**TASK OBJECTIVE**: Every line of the listing below from the one with "COSVIYA 100% mörkläggningsgardiner" up to and including the one with "Green agate cross" should be retyped exactly, and nothing else; pictures are not part of the copy.

---------- DATASET EXCERPTS ----------

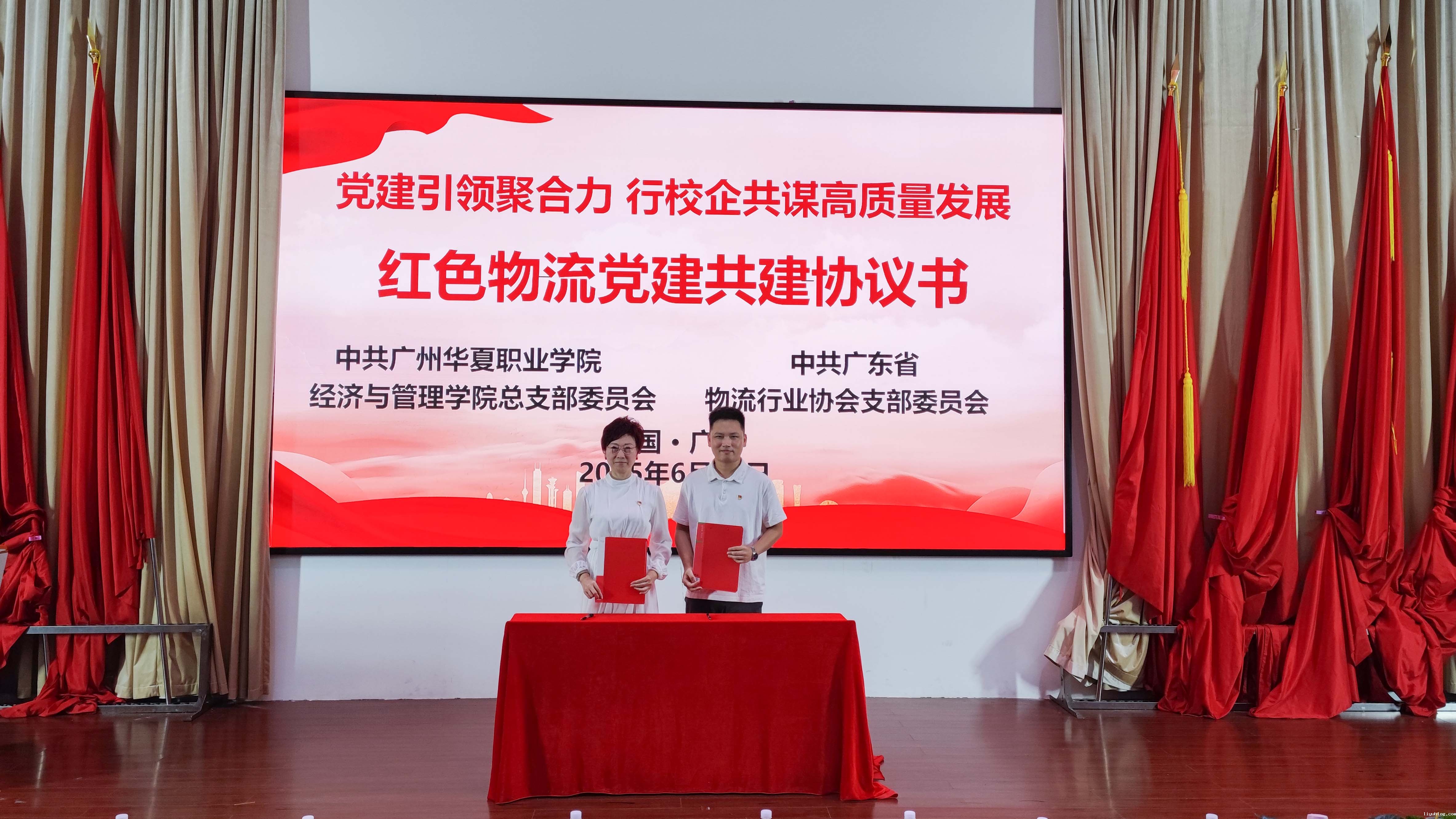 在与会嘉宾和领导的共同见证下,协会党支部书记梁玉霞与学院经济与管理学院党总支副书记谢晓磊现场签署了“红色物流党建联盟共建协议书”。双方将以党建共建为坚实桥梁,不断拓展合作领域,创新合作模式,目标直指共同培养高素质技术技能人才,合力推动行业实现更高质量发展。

----------
---------- DATASET EXCERPTS ----------

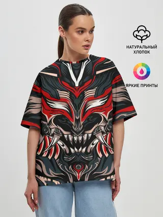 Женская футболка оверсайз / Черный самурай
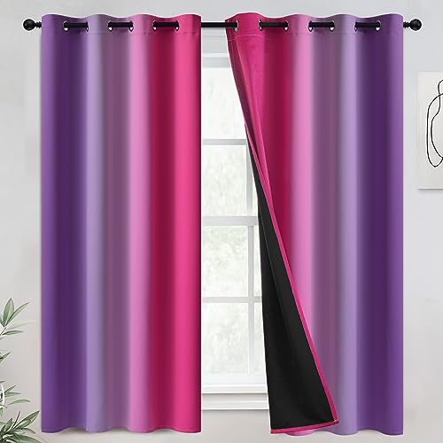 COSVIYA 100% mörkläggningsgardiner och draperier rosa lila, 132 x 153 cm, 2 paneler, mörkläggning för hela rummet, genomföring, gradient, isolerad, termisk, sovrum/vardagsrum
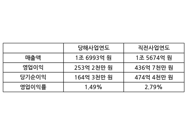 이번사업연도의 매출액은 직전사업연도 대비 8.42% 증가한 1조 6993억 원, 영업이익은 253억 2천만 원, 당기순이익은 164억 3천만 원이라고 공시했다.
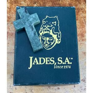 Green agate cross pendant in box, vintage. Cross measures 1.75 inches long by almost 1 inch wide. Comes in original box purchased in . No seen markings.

----------
---------- DATASET EXCERPTS ----------

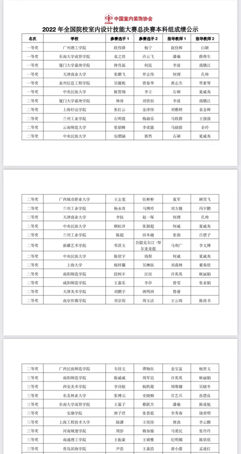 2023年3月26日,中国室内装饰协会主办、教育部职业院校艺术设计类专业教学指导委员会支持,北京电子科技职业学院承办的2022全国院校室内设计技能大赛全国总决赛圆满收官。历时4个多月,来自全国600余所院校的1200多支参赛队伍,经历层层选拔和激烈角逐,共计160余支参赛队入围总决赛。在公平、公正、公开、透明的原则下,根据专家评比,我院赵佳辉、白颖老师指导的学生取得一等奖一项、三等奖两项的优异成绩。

----------

**EXERCISE SOLUTION**:
 COSVIYA 100% mörkläggningsgardiner och draperier rosa lila, 132 x 153 cm, 2 paneler, mörkläggning för hela rummet, genomföring, gradient, isolerad, termisk, sovrum/vardagsrum
 이번사업연도의 매출액은 직전사업연도 대비 8.42% 증가한 1조 6993억 원, 영업이익은 253억 2천만 원, 당기순이익은 164억 3천만 원이라고 공시했다.
 Green agate cross pendant in box, vintage. Cross measures 1.75 inches long by almost 1 inch wide. Comes in original box purchased in . No seen markings.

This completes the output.